2000 Medical Workers Leaving Nigeria Annually – NMA
The Nigerian Medical Association has said that about 2000 medical workers leave the country annually to developed countries.
The National President of the Association, Francis Faduyile, said this in Abakaliki during the opening ceremony of the Annual General Conference/Delegates meeting of the association in Abakaliki, Ebonyi State.
He said the exodus necessitated the theme of the meeting which is ‘Skill Repatriation in the Health Sector: Turning Nigeria’s brain drain to brain gain’.
“The theme is apt at this point in time when brain drain in the health sector is at its peak, with about 2,000 health practitioners leaving the shores of Nigeria annually,” Mr Faduyile said
“We believe that this ugly situation can be turned to an advantage hence the need to bring this to the front burner for discussion and proffer a way out to the country’s advantage.”
Mr Faduyile also said politicians in the country do not seem to be worried about the trend because they do not have the necessary statistics and facts on the matter.

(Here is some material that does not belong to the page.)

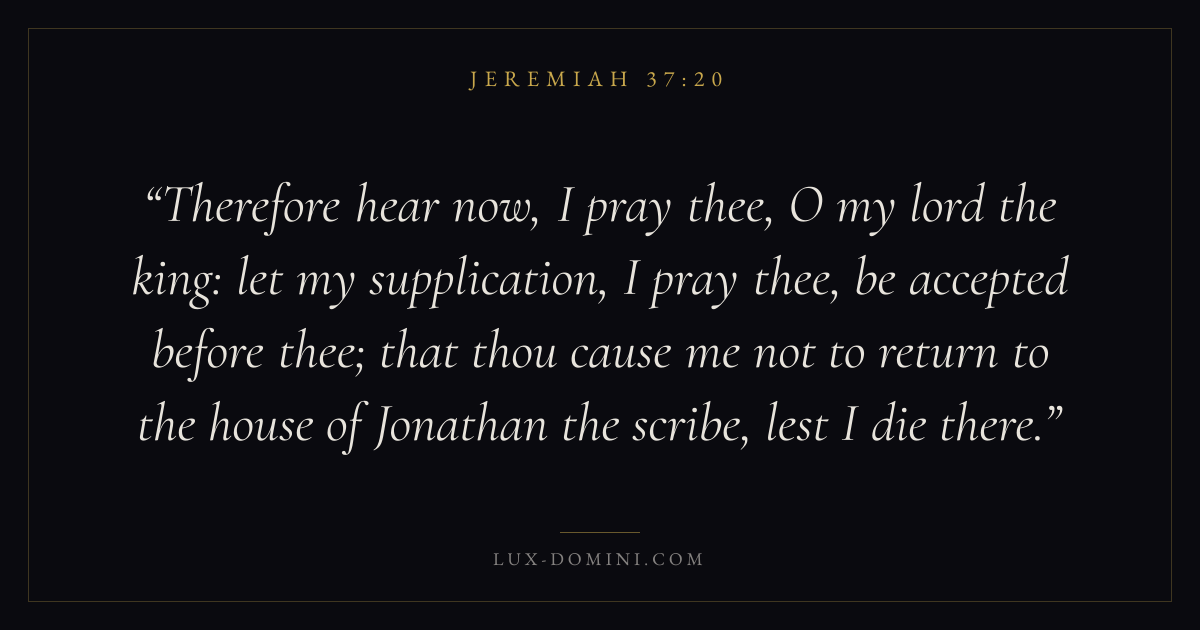 Therefore hear now, I pray thee, O my lord the king: let my supplication, I pray thee, be accepted before thee; that thou cause me not to return to the house of Jonathan the scribe, lest I die there.

“Without intent at generating further controversy on the matters arising from the unfortunate remark by a senior cabinet member of the Federal Republic of Nigeria, who incidentally or coincidentally doubles as a senior member of the medical profession, it is our firm belief that this gathering would generate further affirmatory statistics and facts that possibly would be enough in convincing those policymakers at critical MDAs of government at all levels, including the Federal Ministry of Labour and Productivity who perhaps are yet to come to reality with the scientifically unambiguous deleterious aftermath of the worsening disparity between the health workforce in general and the population they are serving vis-à-vis the alarming rate of the emigration of these health/medical professionals on health outcomes as reflected by the various morbidity and mortality data.
“Then, they can join us in the clarion call for action and be committed to instituting necessary actions”, Mr Faduyile said.
The doctor was making reference to the labour minister, Chris Ngige, who recently made a controversial statement that appeared to support the emigration of Nigerian doctors.
At Thursday’s event, the Minister of Health, Isaac Adewole, also expressed worry about the increasing rate of brain drain in the country’s medical sector.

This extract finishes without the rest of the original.